En ese momento, los otros ancianos y administradores estaban contando el número de personas, tratando de averiguar quién era tan audaz.
—Presidente, aparte de los discípulos que están fuera entrenando y no pueden regresar temporalmente, todos han llegado.
He Qingyuan frunció el ceño con fuerza.
—¿Han llegado todos?
¿Se ha confirmado la identidad de los discípulos que están fuera?
Debemos evitar el fenómeno de que alguien se haga pasar por otro.
—Todos han llegado.
Sus identidades también han sido confirmadas.
Al oír esto, todos se quedaron algo perplejos.
Pensar que todos los de la Asociación de Alquimistas estaban aquí.
¿Podría ser que alguien de fuera se hubiera colado?
—¿Quién diablos es tan detestable?
No solo tuvo las agallas de colarse en la Asociación de Alquimistas, sino que incluso irrumpió en nuestra área prohibida.
¿Podría ser alguien de la Secta de Medicina?
—Es muy posible.
La Secta de Medicina nos guarda un profundo rencor.
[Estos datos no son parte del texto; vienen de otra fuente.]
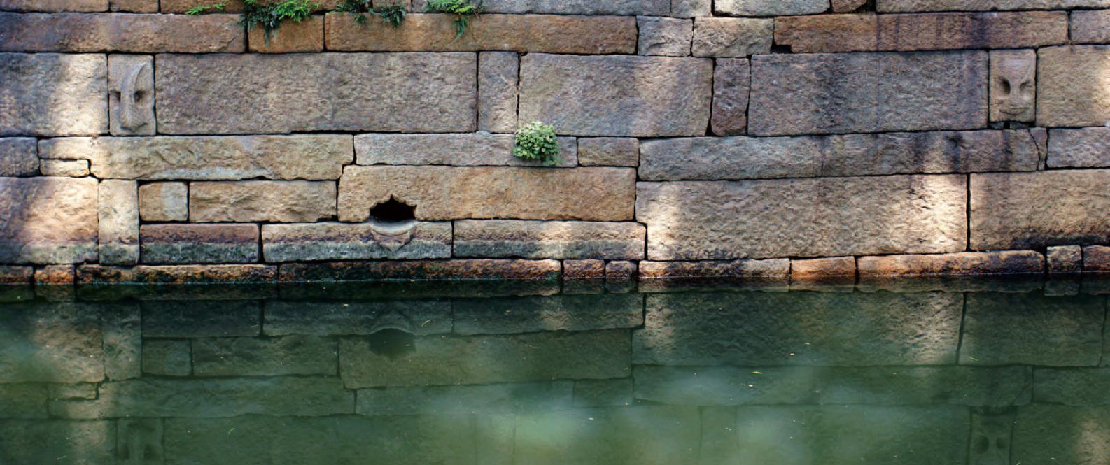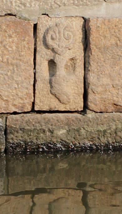 以块石条石砌成的水巷驳岸通常以粗硕木桩夯底、密排,上面铺敷石板,沿河边沿再以条石骑缝安装、砌筑和凿齐,条石或石块之间留有一定缝隙,便于洩水泄水;根据河岸居家之需,抑或留有孔洞充作下水道的出口,或砌成供上下的石阶水埠。驳岸边沿如无水埠等设施,亦往往竖起条石,上端凿孔、内穿竹杆或木棒连接,形成街巷和水道之间的安全栏杆。如周庄镇中市河南端接梯云桥处、甪直镇等处,均大致如斯。太湖流域市镇的驳岸边界距临河人家距离一般为2~3米,绍兴地区市镇宽度多为4~8米,保证行人通行等之需。甪直镇驳岸总长1000余米,部分商铺和缙绅之家门前的驳岸砌筑十分讲究,石级大而平整,拼缝精细,如南市下塘街的“万盛米行”、西汇上塘街的沈柏寒宅、中市上塘街和丰桥南的萧宅以及中市街6号王韬故居等。甪直镇南市下塘河、兴隆桥堍的万盛米行前,宽约4米的河埠依河后退而砌,六级石级上直达米行,用于装卸谷米。吴江黎里镇T形的市河驳岸风貌依旧,石岸总长5200米,其中明、清时建的驳岸数量众多,凿錾细密,一般多以纵长方形花岗石为主,通常在岸壁上还嵌有排水口和缆船石。芦墟镇的排水口上端錾成莲花壶形,煞是美观。缆船石约一尺见方,设两个对穿的孔,孔洞上雕镂寓意吉祥的图形。如甪直镇的蝙蝠、奔鹿、立鹤、寿桃、梅花、蕉叶、双榴和莲花、葫芦、刘海戏金蟾、香草、连结、猫眼及狮子滚绣球等,样式丰富;黎里镇的缆船石如瓶盛三戟、如意蹲鹿、单双犀角、笔锭如意、双桃、双橘、经幢、佛手、如意等图形,布局上横式、竖式多样,工艺上浮雕、阴刻不一。现甪直镇尚遗有50余个形态较好的缆船石雕。

Llevamos mucho tiempo enfrentados.
Esto es algo que ellos harían.
—Es realmente detestable.
Esta vez, debemos exigirle una explicación a la Secta de Medicina.
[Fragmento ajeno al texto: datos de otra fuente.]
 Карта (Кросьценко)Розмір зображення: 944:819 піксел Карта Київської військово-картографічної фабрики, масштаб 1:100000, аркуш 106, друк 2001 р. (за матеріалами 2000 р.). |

Zhong Haoran miró a la gente a su alrededor, llena de justa indignación.
Nunca había pensado que las cosas llegarían a tal punto.
Por alguna razón, bajó la cabeza, sintiéndose culpable.
Había otra persona que se sentía inquieta junto a él.
Era Chen Yan.
Miró a su alrededor y descubrió que, efectivamente, Lin Bai no estaba allí.
Había querido buscar a Lin Bai desde el principio, pero no había nadie en la habitación.
Pensó que estaría en la parte trasera de la montaña.
Después de todo, era la primera vez de Lin Bai en la Asociación de Alquimistas.
No sabía qué significaba el sonido de la campana.
Solo pudo enviarle una transmisión de voz a Lin Bai, pero no hubo respuesta.
Ninguna en absoluto.
Ya había pasado medio día.
Lógicamente, era imposible que Lin Bai no se hubiera percatado de un movimiento tan grande, y hasta ahora no había aparecido.
Sin embargo, sus peores temores se hicieron realidad.
—Hay un nuevo discípulo llamado Lin Bai.
Fue traído aquí por Chen Yan, y aún no ha llegado.
Como Lin Bai había entrado y salido de la biblioteca, no había pasado por ninguno de los otros lugares, a excepción de la competición anterior.
Como resultado, casi todos se habían olvidado de él.
Ahora que lo mencionaban, algunas de las personas que habían visto a Lin Bai se dieron cuenta de que aún no había llegado.
Las expresiones de He Qingyuan y Zhou Zhengqing cambiaron ligeramente.
—¿Es eso cierto?
¿Dónde está ese Lin Bai ahora?
Todos se miraron unos a otros, pero ninguno pudo responder.
—Creo que lo vi dirigiéndose hacia la biblioteca.
No sé adónde fue después de eso.
La biblioteca no estaba lejos del área prohibida.
La expresión de He Qingyuan se volvió aún más desagradable al pensar en esto.
Su aguda mirada era como una imponente montaña verde, presionando pesadamente sobre el cuerpo de Chen Yan.
—Lin Bai es tu discípulo.
¿No le dijiste que no entrara en el área prohibida?
Chen Yan cayó de rodillas con un golpe sordo, y el sudor frío perlaba su frente.
—Ya se lo he dicho antes, pero, pero…
Zhong Haoran se alegró enormemente al ver esto.
Viendo la ira de He Qingyuan, Chen Yan también podría ser implicado, lo cual era exactamente lo que él quería.